Szabolcs Nagy March 29, 2021, 12:03 p.m. UTC | #1

The 03/17/2021 02:28, Naohiro Tamura wrote:
> Fujitsu is in the process of signing the copyright assignment paper.
> We'd like to have some feedback in advance.

thanks for these patches, please let me know when the
copyright is sorted out. i will do some review now.

Naohiro Tamura May 10, 2021, 1:45 a.m. UTC | #2

Hi Szabolcs, Wilco, Florian,

> From: Naohiro Tamura <naohirot@fujitsu.com>
> Sent: Wednesday, March 17, 2021 11:29 AM
 
> Fujitsu is in the process of signing the copyright assignment paper.
> We'd like to have some feedback in advance.

FYI: Fujitsu has submitted the signed assignment finally.

Thanks.
Naohiro

Szabolcs Nagy May 14, 2021, 1:35 p.m. UTC | #3

The 05/10/2021 01:45, naohirot@fujitsu.com wrote:
> FYI: Fujitsu has submitted the signed assignment finally.

Carlos, can we commit patches from fujitsu now?
(i dont know if we are still waiting for something)
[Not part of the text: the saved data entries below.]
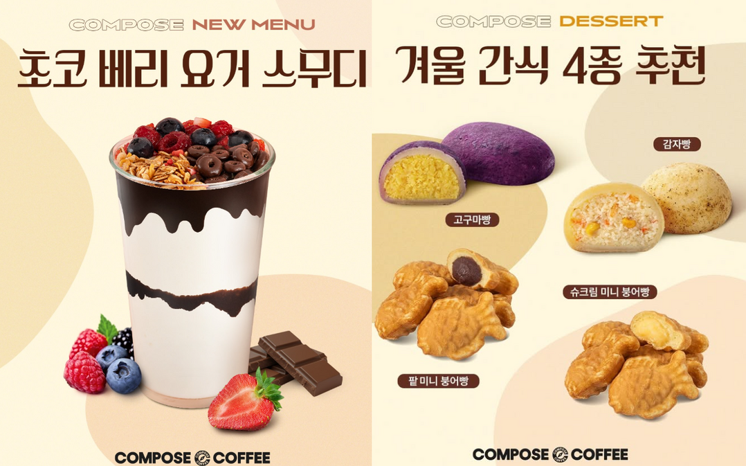 컴포즈커피는 겨울 시즌을 맞아 전통차 4종과 디저트형 음료 ‘초코베리요거스무디’를 새롭게 선보였다. 스무디에 초코쉘·초코링·그래놀라를 더해 간식처럼 즐길 수 있는 것이 특징이다.
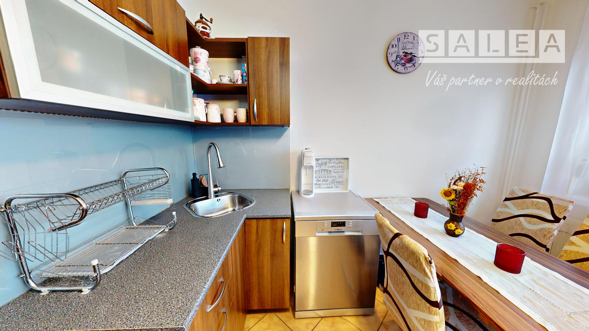 Byt prešiel rekonštrukciou, má nové okná s vonkajšími žalúziami, nové podlahy, vstavané skrine a veľkým bonusom je klimatizácia, ktorá zabezpečí komfort počas horúcich letných dní. Samozrejmosťou je vlastné kúrenie, takže si teplo aj náklady regulujete sami.
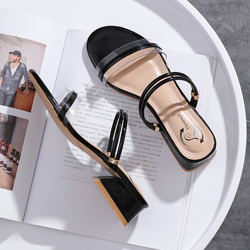 Two wearing sandals 2022 new female summer medium heel with rough heel fairy wind with cool drag black apricot small size women's shoes
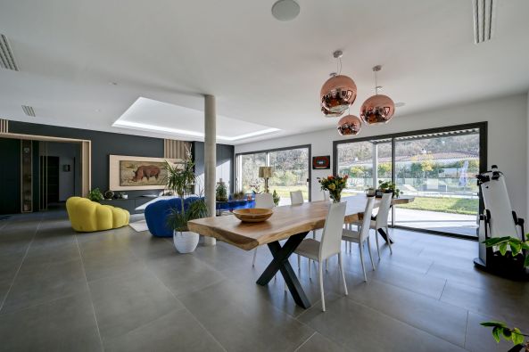 Propriété contemporaine aux portes d’Aix-en-ProvenceIdéalement située dans l’un des secteurs les plus recherchés au Sud d’Aix-en-Provence, cette propriété rare séduit par son environnement verdoyant ainsi que son emplacement privilégié et particulièrement convoité. Implantée au cœur d’un magnifique jardin arboré et entretenu d’environ 4 071 m², cette propriété sécurisée développe une surface habitable d’environ 220 m², complétée par une dépendance de 60 m². L’ensemble bénéficie d’une exposition plein Sud, offrant une luminosité exceptionnelle tout au long de la journée, jusqu’au coucher du soleil. Dès l’entrée, les volumes généreux et la qualité des matériaux donnent le ton. La pièce de vie, élégante et baignée de lumière, s’ouvre sur une cuisine contemporaine entièrement intégrée, idéale pour recevoir. Le rez-de-chaussée accueille également un cellier-buanderie, une superbe suite parentale avec salle de bains et dressing, ainsi qu’une chambre d’amis avec salle d’eau privative. À l’étage, l’espace nuit se compose de trois chambres lumineuses, aux volumes harmonieux, se partageant une salle de bains et des sanitaires indépendants. Chaque chambre bénéficie d’une atmosphère paisible avec des vues dégagées sur la végétation environnante. Le sous-sol, d’environ 60 m², abrite une salle de cinéma privée, véritable atout pour les amateurs de loisirs et de convivialité. À l’extérieur, la piscine chauffée au sel, parfaitement intégrée à son environnement, constitue le point central des espaces de détente. Le pool-house exposé plein Sud, équipé d’une pergola bioclimatique, prolonge les moments de convivialité et invite à profiter pleinement du climat provençal, en toute saison. Une demeure idéale pour une résidence principale comme secondaire, offrant un cadre de vie privilégié à quelques minutes seulement du cœur d’Aix-en-Provence. Aix en Provence - Sotheby's International Realty, la référence internationale de l'immobilier de prestige à Aix en Provence. Energy and climate performance
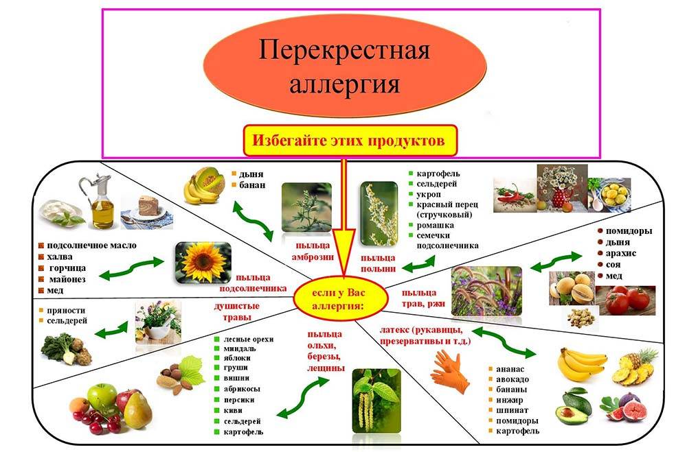Важно знать, что существует так называемая перекрестная аллергия. Ее суть состоит в том, что при наличии реакции на конкретный вид аллергена возможно возникновение симптомов заболевания и на сходную по строению белка пищу
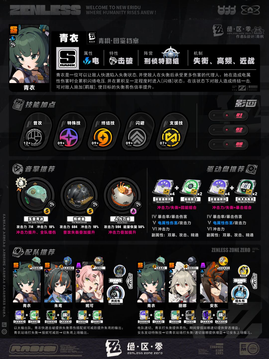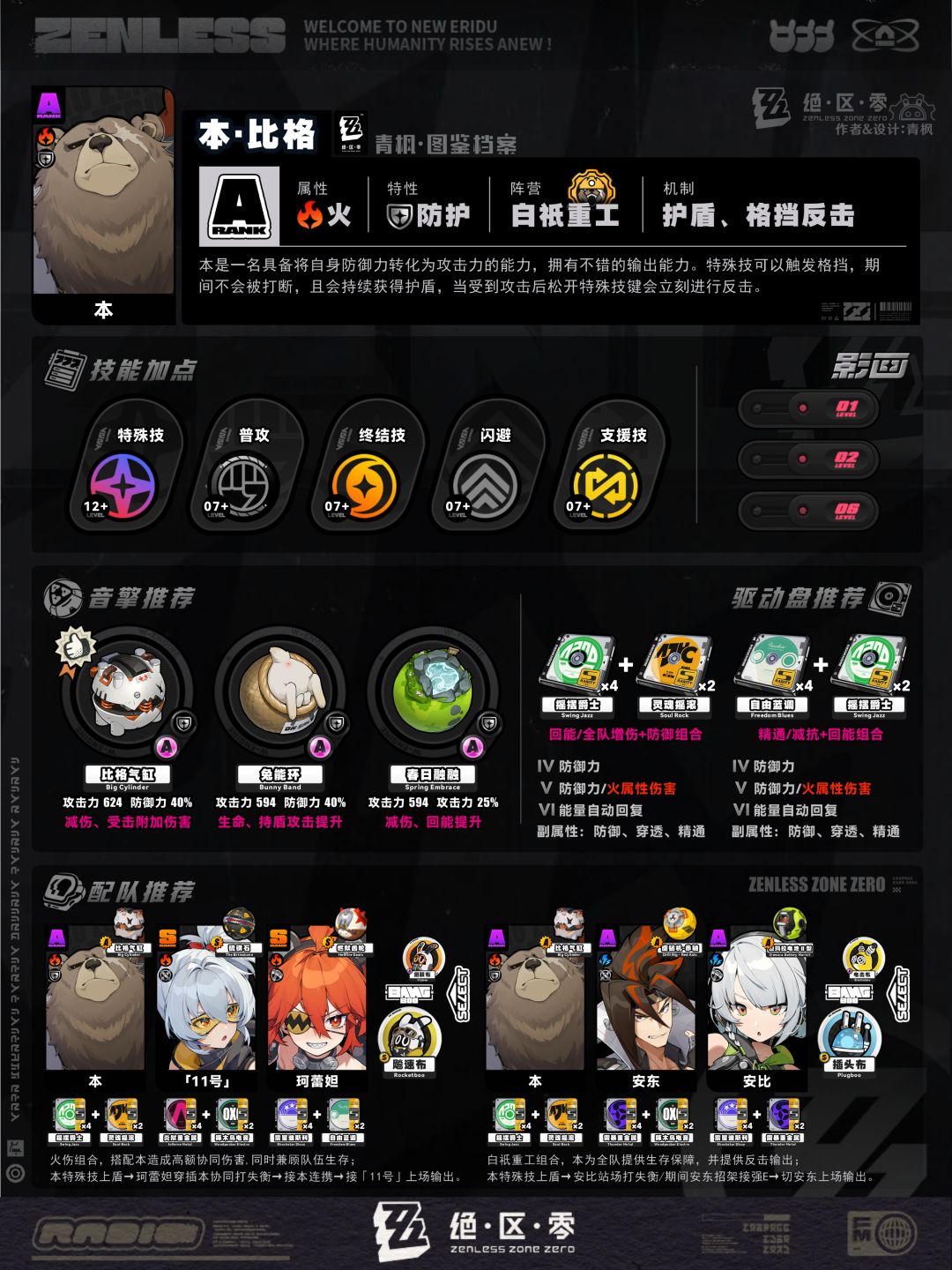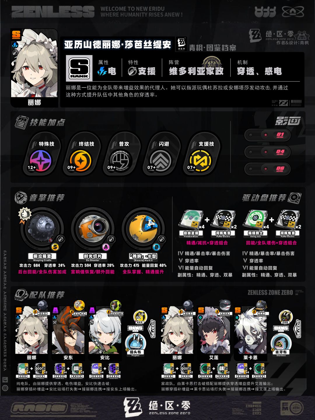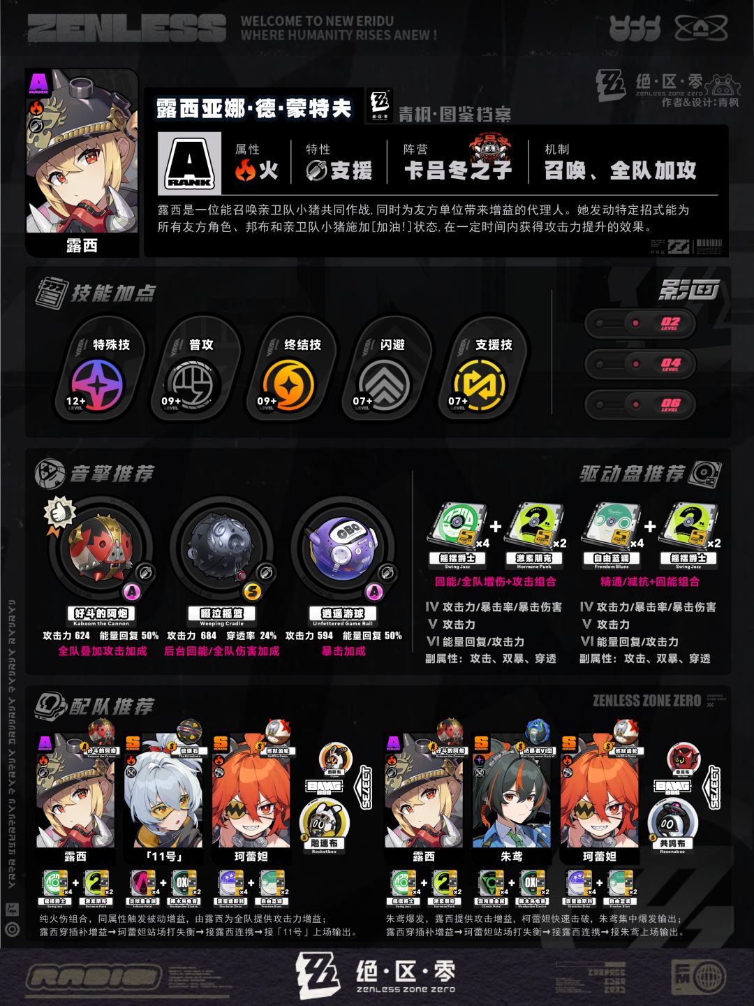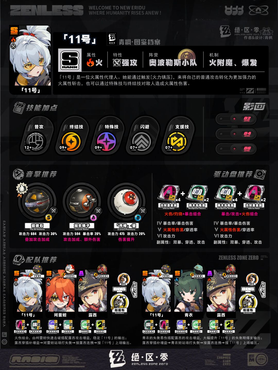 5、配队板块:列举2组相对推荐的阵容及邦布搭配,简要概括各角色的职责,并附上各自推荐的音擎、驱动盘以供参考;

Naohiro Tamura May 19, 2021, 12:11 a.m. UTC | #4

Hi Szabolcs, Carlos,

> From: Szabolcs Nagy <Szabolcs.Nagy@arm.com>
> Sent: Friday, May 14, 2021 10:36 PM
> 
> The 05/10/2021 01:45, naohirot@fujitsu.com wrote:
> > FYI: Fujitsu has submitted the signed assignment finally.
> 
> Carlos, can we commit patches from fujitsu now?
> (i dont know if we are still waiting for something)

Fujitsu has received FSF signed assignment.
So the contract process has completed.

Thanks.
Naohiro